Es gibt eine letzte wichtige Figur, auf die ich noch eintreten möchte. Das ist der
Fliegerleutnant Hartmann. Auch er hat geglaubt, dass er als Flieger für eine gerechte Sache kämpft. Er ist in der Gemeinschaft der Hitlerjugend gross geworden
und in ihm gleichsam ein zweiter Harras angelegt. Aber seine Begeisterung ist
echt, bis er von seiner Braut, dem Pützchen, verlassen wird, weil er von seiner
Urgrossmutter her keinen arischen Stammbaum nachweisen kann und so für eine
Karriere nicht mehr in Betracht kommt. Er kehrt im Innersten erschüttert und verwundet von der Ostfront zurück, er war Zeuge von den Gräueltaten der Wehrmacht, hat mit ansehen müssen, wie man wehrlose Menschen gefoltert und erschossen hat. Ihn überzeugt Harras, dass die Rassenlehre Unsinn ist, auf Menschen wie ihn setzt er alle Hoffnung auf die Zeit nach dem Krieg. Denn „des Teufels
General“ ist nicht zuletzt, trotz aller Schwächen, der Versuch einer Ehrenrettung
des anderen, besseren Deutschlands.
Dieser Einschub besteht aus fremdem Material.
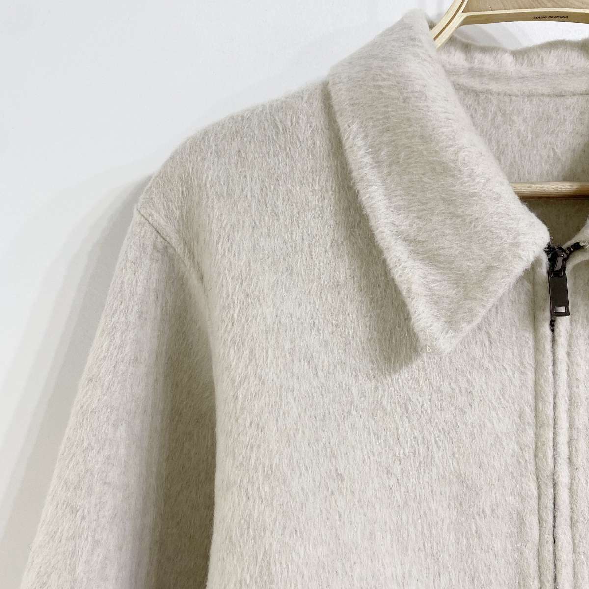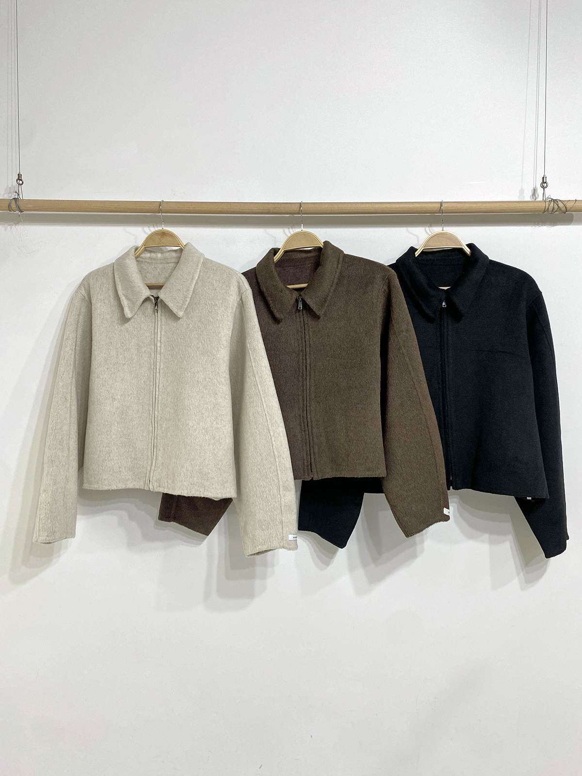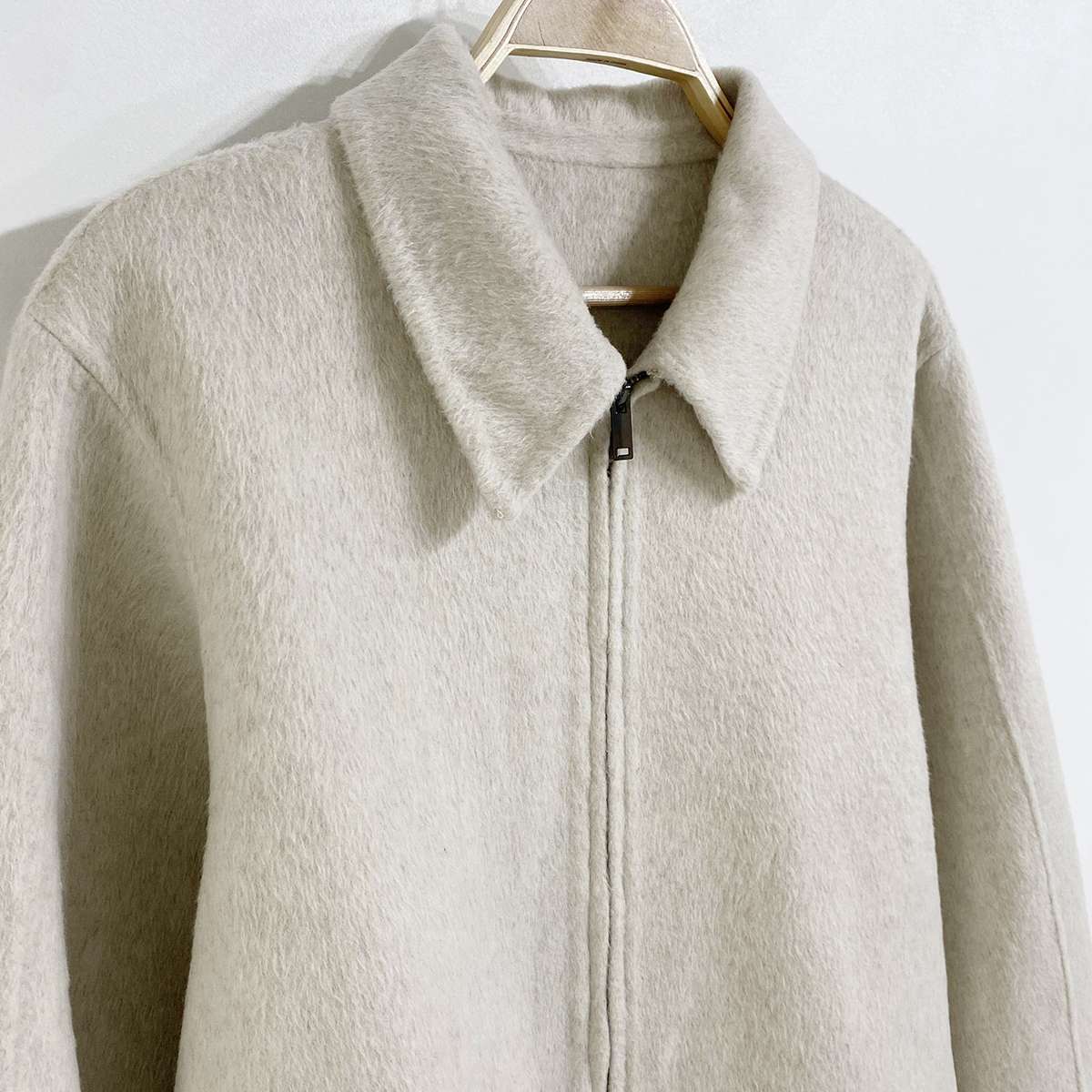 울 혼방 소재와 핸드메이드 마감으로 고급스러운 카라 집업 자켓

Gerade weil die Figuren nicht Prizipienträger,
sondern Menschen sind, gelingt es ihm zu zeigen, dass trotz aller Schuld auch eine
Zukunft möglich ist.
Vielleicht ist diese Funktion des Stücks, heute, mehr als siebzig Jahre danach, verblasst. Aber Zuckmayer hat es gewagt, ganz kurz nach dem Ende des Dritten
Reichs genau diese brennenden Fragen zur Sprache zu bringen, sie auf der Bühne
sichtbar zu machen, jene Fragen, die nach dem Zusammenbruch alle Menschen in
Europa beschäftigt haben und immer – besonders heute – wieder beschäftigen.